(Records drawn from a dataset)
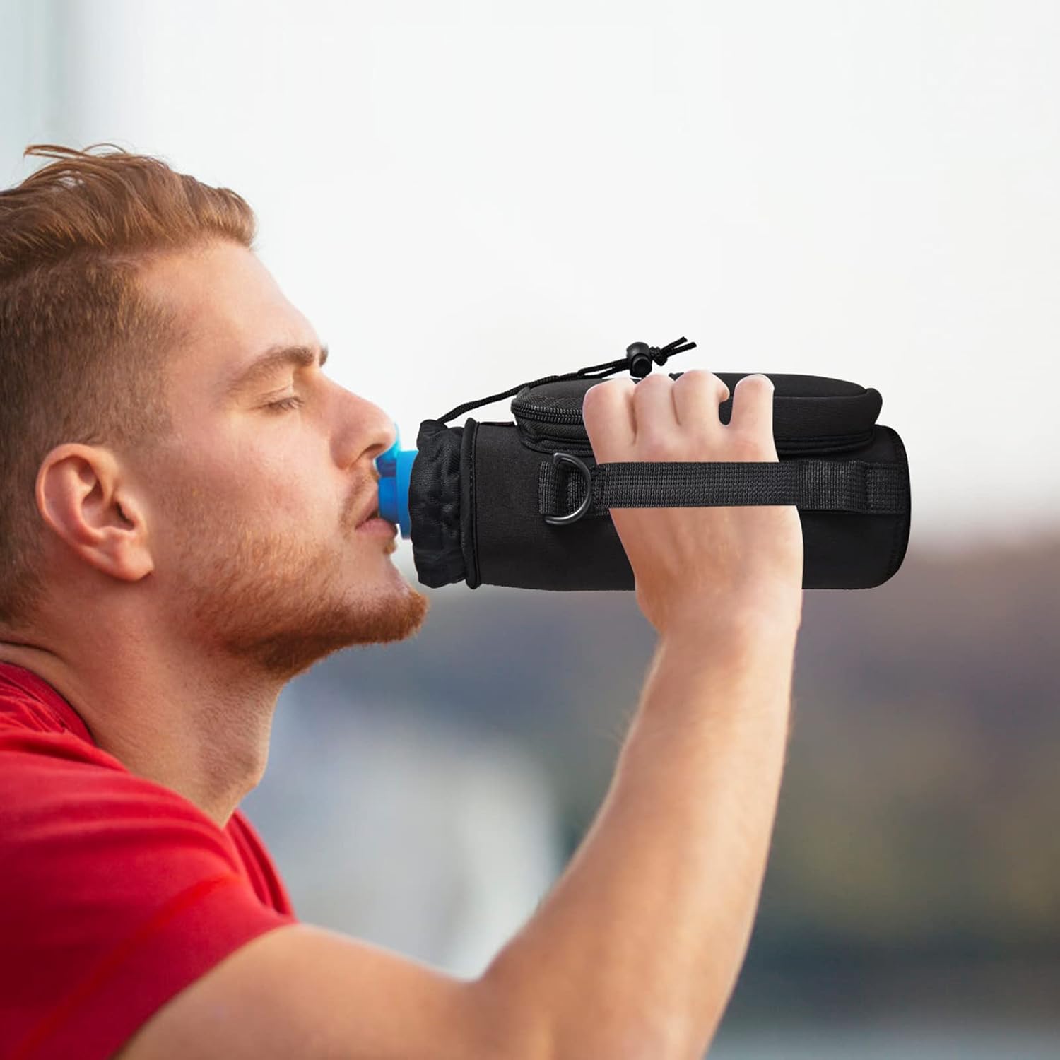• icolor Sports Wide Mouth Bottle Accessories for Hiking Travelling Camping: Have Adjustable Padded Shoulder and Handle Strap. It is with 2 zipper Pockets too,The small zipper pocket is for cash and card, the large zipper pocket is for smartphone, keys & other.
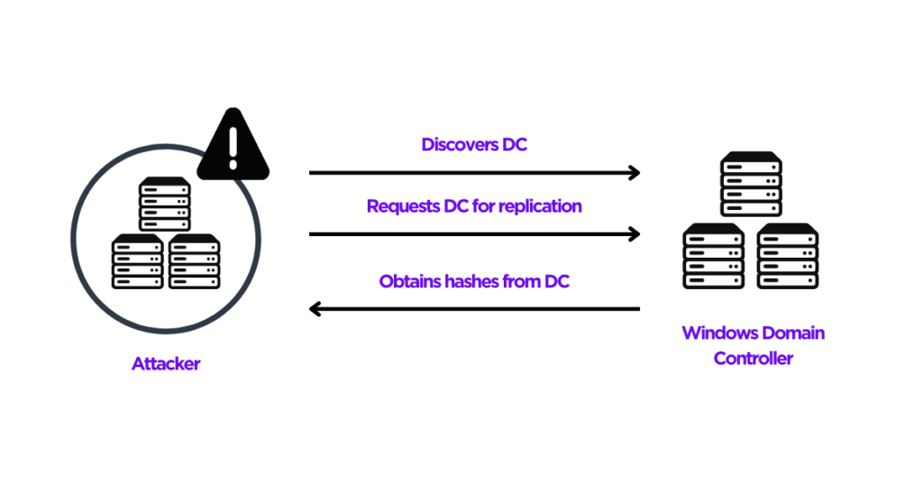 - Uses the DsGetNCChanges operation via DRSUAPI (Directory Replication Service API).
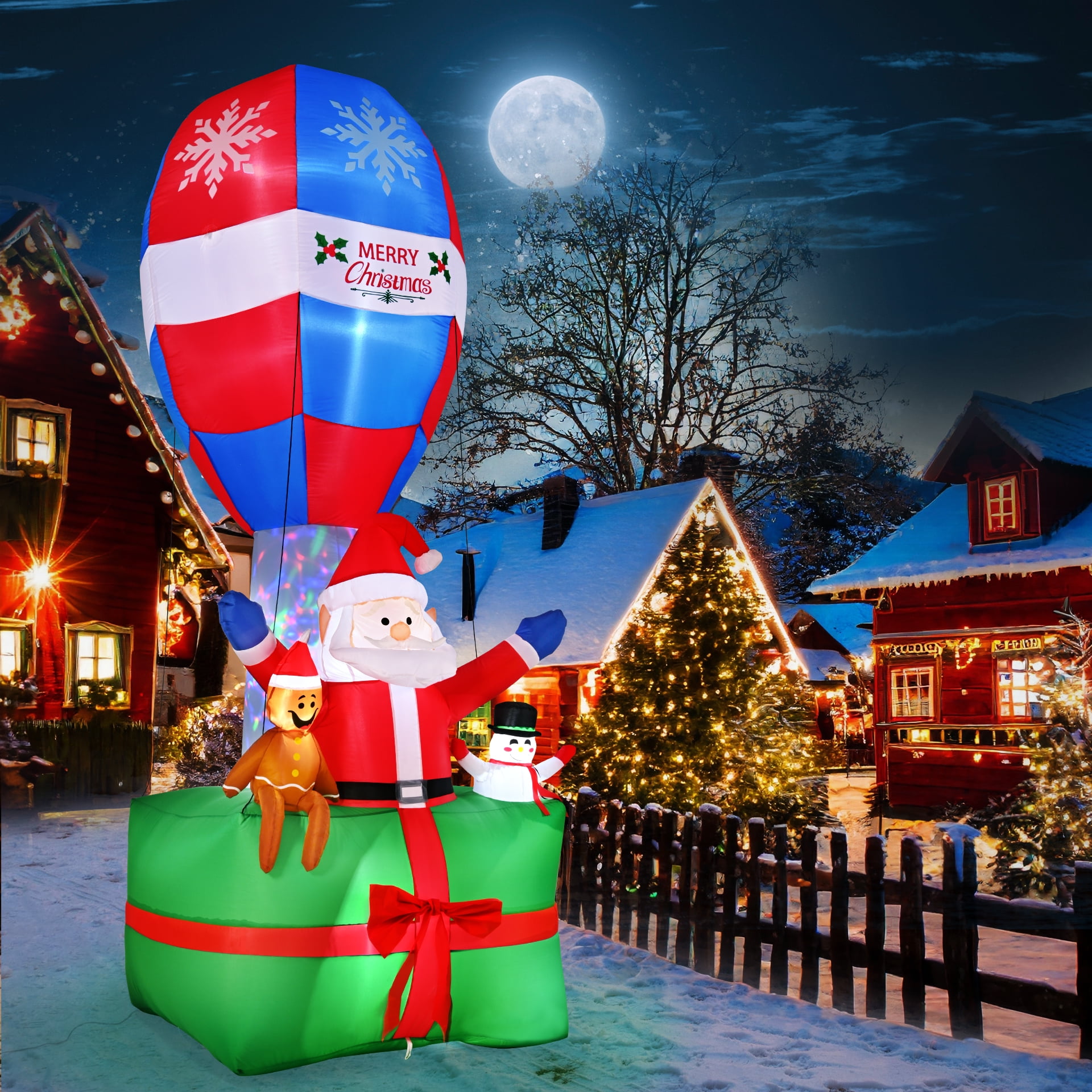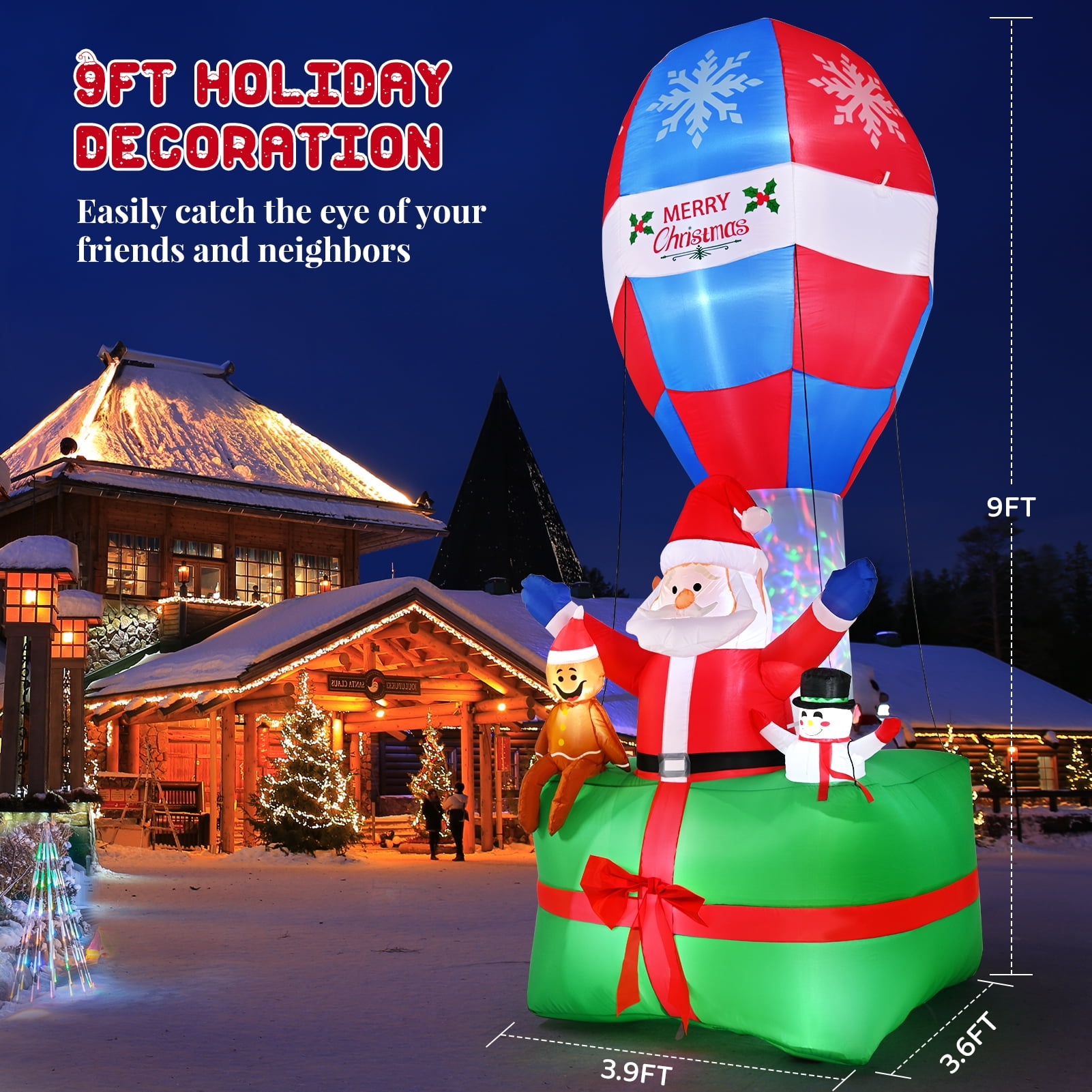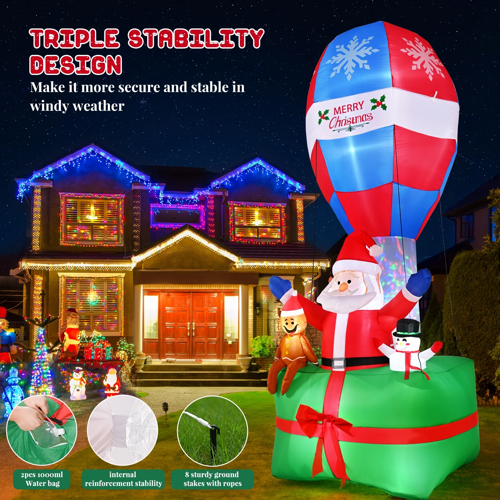 9Ft Christmas Inflatables Outdoor Decorations, LED Lighted Santa with Gingerbread Man and Snowman, Gift Box with Giant Balloon Blow Up Yard Decoration for Xmas The Christmas inflatables outdoor decorations are wonderful for yard decoration, home, lawn, holiday, Indoor Outdoor Garden Christmas Decorations. The festive atmosphere of Christmas will revolve around your family. Outdoor inflatable Santa Claus is made of durable polyester. CE and UL standard certified LED light and durable blower bring you strong Christmas atmospherewith your family. Spreading holiday cheer and inviting everyone to embrace the magic of the season. The snowmen and penguin adds a lovely touch to this decoration! Package Included: 1 x Christmas Inflatable Santa with Gingerbread Man and Snowman, Gift Box with Giant Balloon 8 x stakes, 4 x ropes, 2 x bags 1 x Plug with UL Certification 1 x Powerful Blower 1 x Gift Box Outside Christmas Decorations for Yard, Garden, Christmas Event, Shopping Mall
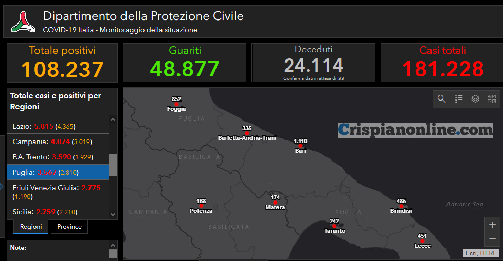 Il totale dei casi positivi Covid in Puglia è di 3.567 così divisi:
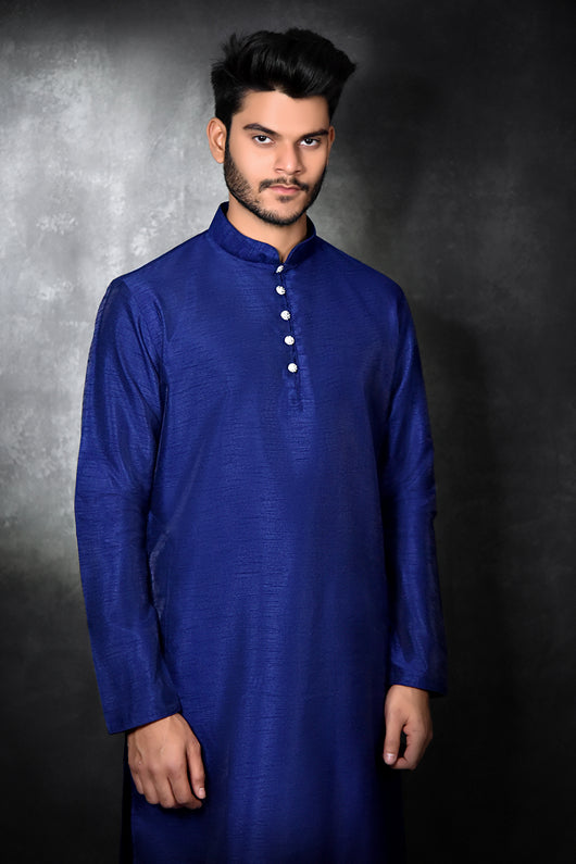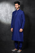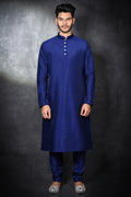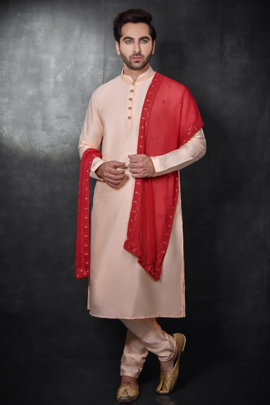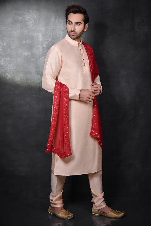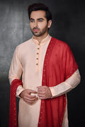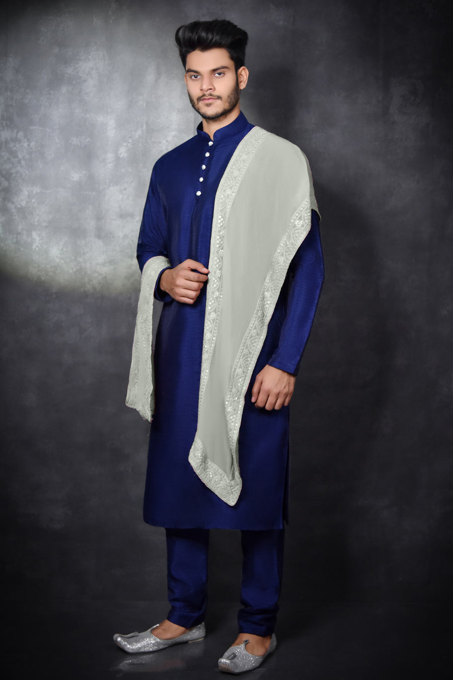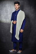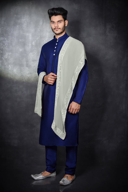 A plain kurta set finished with golden details along the neckline is complimented with a contrasting color stole having embroidered borders.
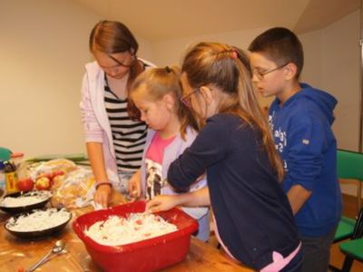W Bibliotece dla Dzieci i Młodzieży odbyło się spotkanie Posiłek ważna sprawa, na którym dzieci uczyły się same przygotowywać zdrowe śniadania i kolacje. Na stołach królowały twarożki z rzodkiewką i szczypiorem oraz przepyszne warzywne sałatki.
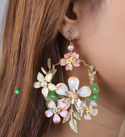 Pastel Bloom Oversized Floral Hoop Earrings – Designer Statement Piece
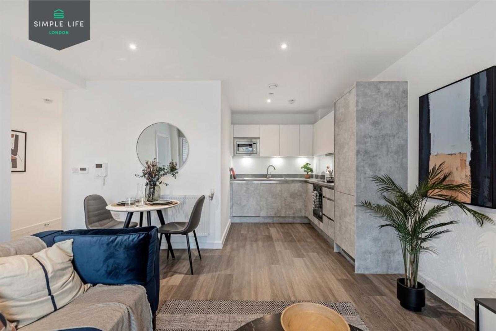 Your kitchen lines one wall of the apartment with integrated appliances and modern worktops, leaving plenty of floorspace to relax and entertain. In summer months, this can be extended through the sliding doors out to your balcony.

● Task prompt
In the records above, find the line containing "Il totale dei" and restate it and every line after it word for word, all pictures excluded.

● Solution for this task
 Il totale dei casi positivi Covid in Puglia è di 3.567 così divisi:
 A plain kurta set finished with golden details along the neckline is complimented with a contrasting color stole having embroidered borders.
W Bibliotece dla Dzieci i Młodzieży odbyło się spotkanie Posiłek ważna sprawa, na którym dzieci uczyły się same przygotowywać zdrowe śniadania i kolacje. Na stołach królowały twarożki z rzodkiewką i szczypiorem oraz przepyszne warzywne sałatki.
 Pastel Bloom Oversized Floral Hoop Earrings – Designer Statement Piece
 Your kitchen lines one wall of the apartment with integrated appliances and modern worktops, leaving plenty of floorspace to relax and entertain. In summer months, this can be extended through the sliding doors out to your balcony.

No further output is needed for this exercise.